[[ Records supplied, beginning ]]
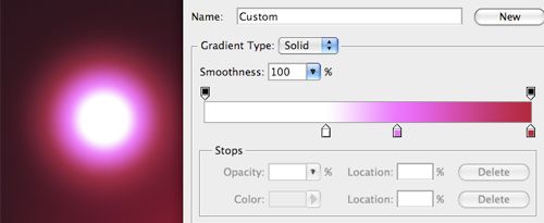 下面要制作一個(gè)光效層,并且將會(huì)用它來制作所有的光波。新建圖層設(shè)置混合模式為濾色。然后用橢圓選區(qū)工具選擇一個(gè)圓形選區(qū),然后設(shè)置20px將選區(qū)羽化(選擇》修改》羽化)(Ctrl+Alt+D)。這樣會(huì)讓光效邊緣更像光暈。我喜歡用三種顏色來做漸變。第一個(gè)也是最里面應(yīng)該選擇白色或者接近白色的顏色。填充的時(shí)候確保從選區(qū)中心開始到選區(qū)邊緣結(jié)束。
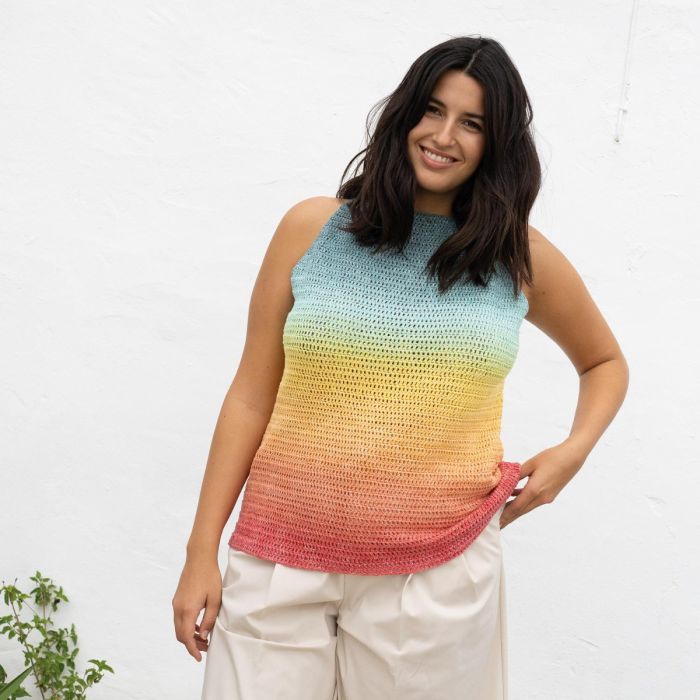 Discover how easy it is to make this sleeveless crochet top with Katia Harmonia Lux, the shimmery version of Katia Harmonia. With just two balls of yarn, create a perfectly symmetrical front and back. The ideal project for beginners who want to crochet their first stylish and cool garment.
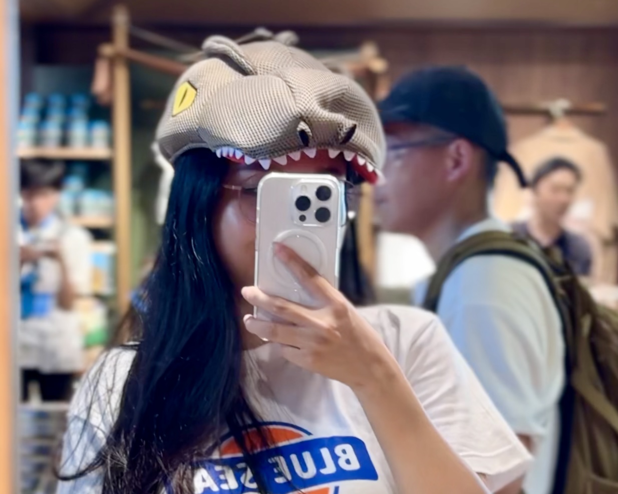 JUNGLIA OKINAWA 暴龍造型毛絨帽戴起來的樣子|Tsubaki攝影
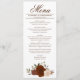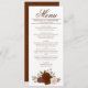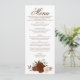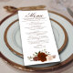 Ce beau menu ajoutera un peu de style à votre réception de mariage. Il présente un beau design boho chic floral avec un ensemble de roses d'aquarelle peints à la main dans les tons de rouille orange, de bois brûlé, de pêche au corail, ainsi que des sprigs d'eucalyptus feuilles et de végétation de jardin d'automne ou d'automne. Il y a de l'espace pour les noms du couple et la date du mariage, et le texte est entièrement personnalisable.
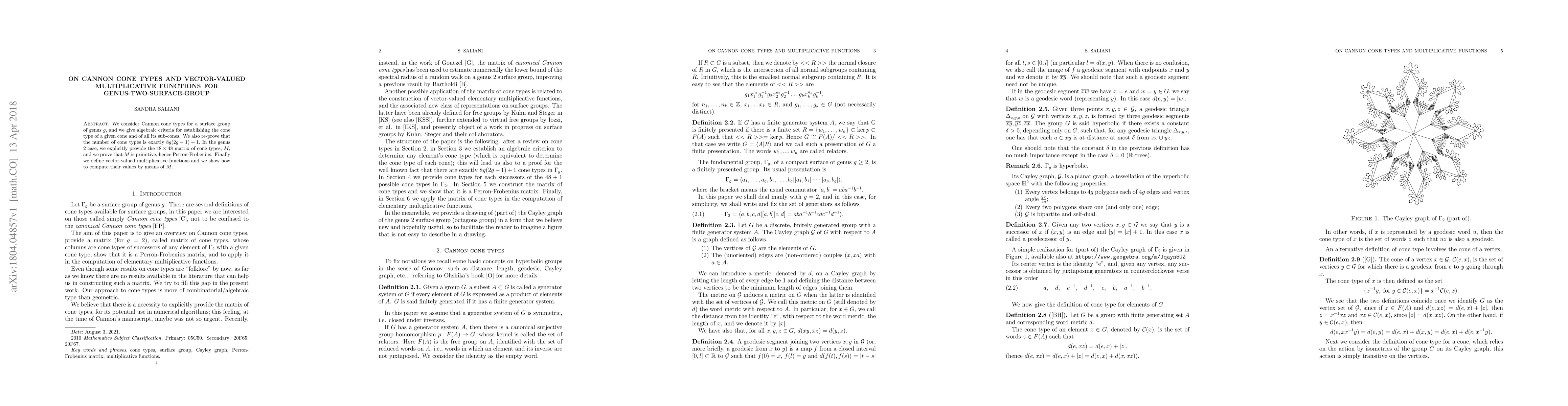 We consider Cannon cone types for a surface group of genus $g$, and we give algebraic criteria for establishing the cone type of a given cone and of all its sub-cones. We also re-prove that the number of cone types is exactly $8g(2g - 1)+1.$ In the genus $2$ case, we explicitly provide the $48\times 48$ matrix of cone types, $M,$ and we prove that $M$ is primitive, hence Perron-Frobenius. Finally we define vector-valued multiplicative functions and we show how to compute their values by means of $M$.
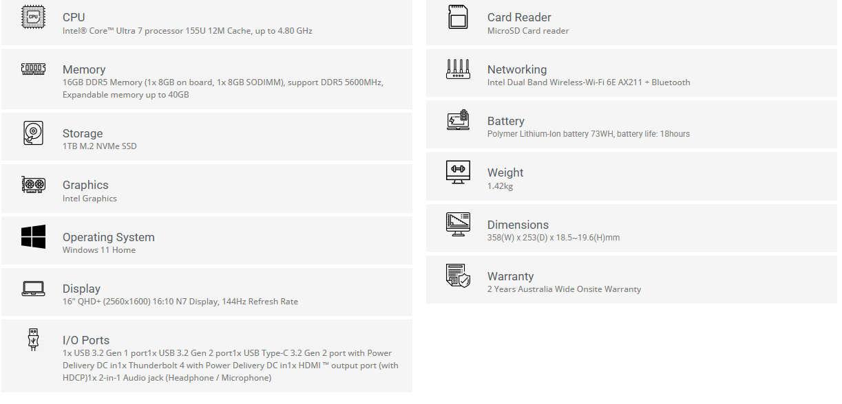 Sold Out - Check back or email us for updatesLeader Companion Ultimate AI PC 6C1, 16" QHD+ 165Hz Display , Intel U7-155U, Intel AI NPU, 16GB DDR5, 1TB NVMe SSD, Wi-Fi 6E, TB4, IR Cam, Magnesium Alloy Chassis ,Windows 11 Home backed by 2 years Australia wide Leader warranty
[[ Records supplied, end ]]
[[ Records supplied, beginning ]]
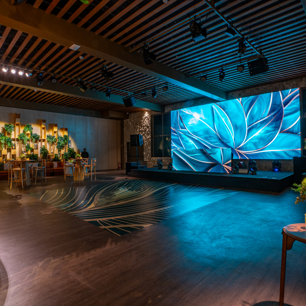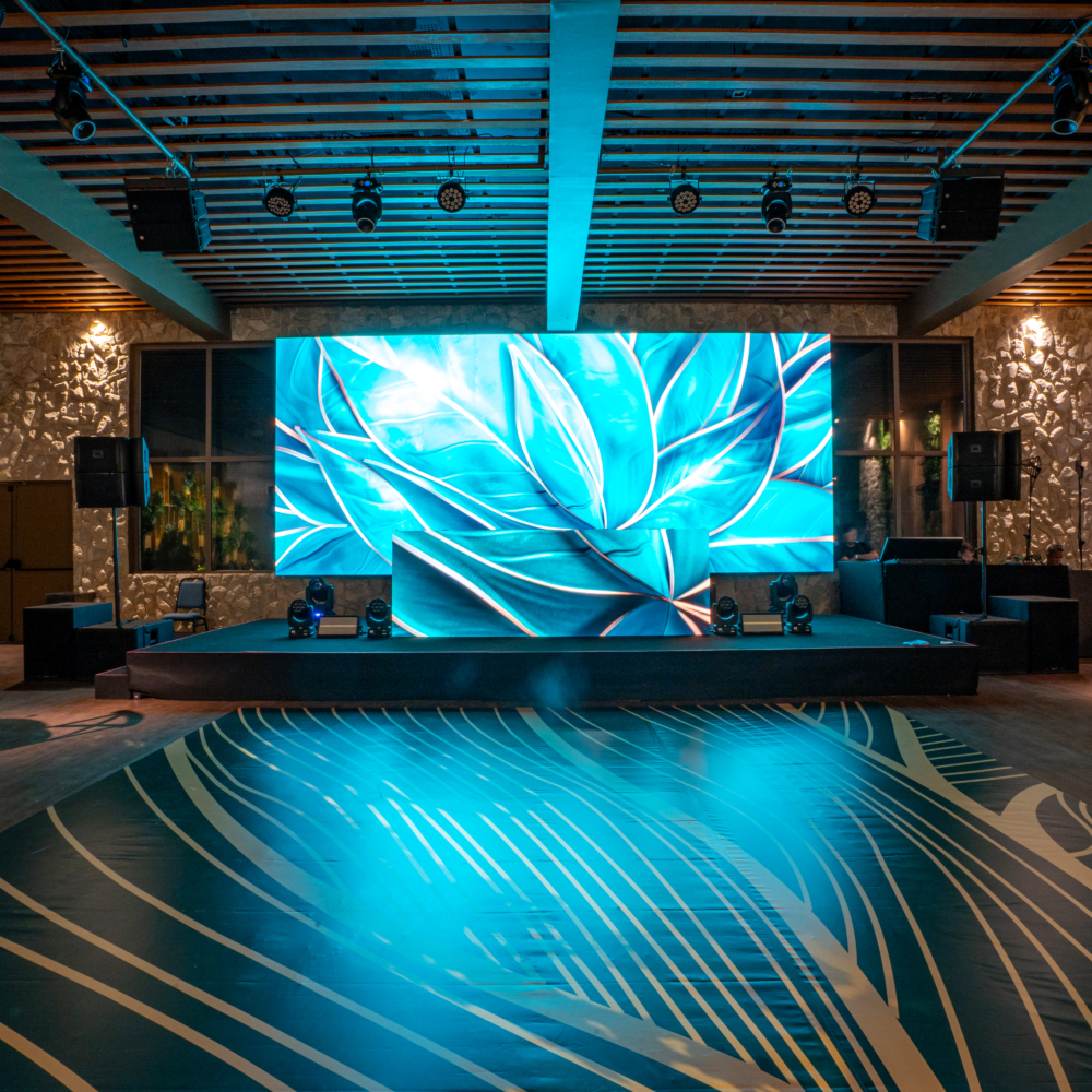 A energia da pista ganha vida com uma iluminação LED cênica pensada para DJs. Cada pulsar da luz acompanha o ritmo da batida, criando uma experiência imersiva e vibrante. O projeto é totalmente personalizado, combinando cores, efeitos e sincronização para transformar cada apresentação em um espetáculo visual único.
[[ Records supplied, end ]]
[[ Records supplied, beginning ]]
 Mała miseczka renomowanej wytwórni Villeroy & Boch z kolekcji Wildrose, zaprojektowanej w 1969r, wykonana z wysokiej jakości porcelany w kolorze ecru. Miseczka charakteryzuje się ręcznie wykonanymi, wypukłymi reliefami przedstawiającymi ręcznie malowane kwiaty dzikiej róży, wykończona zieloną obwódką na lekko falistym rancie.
[[ Records supplied, end ]]
▶ [What you need to do]: Because only one stretch of the records is wanted, please output the lines from the one holding "JUNGLIA OKINAWA 暴龍造型毛絨帽戴起來的樣子|Tsubaki攝影" through the one holding "Ce beau menu" exactly, both included, and leave every picture out.

▶ [Answer to this exercise]:
 JUNGLIA OKINAWA 暴龍造型毛絨帽戴起來的樣子|Tsubaki攝影
 Ce beau menu ajoutera un peu de style à votre réception de mariage. Il présente un beau design boho chic floral avec un ensemble de roses d'aquarelle peints à la main dans les tons de rouille orange, de bois brûlé, de pêche au corail, ainsi que des sprigs d'eucalyptus feuilles et de végétation de jardin d'automne ou d'automne. Il y a de l'espace pour les noms du couple et la date du mariage, et le texte est entièrement personnalisable.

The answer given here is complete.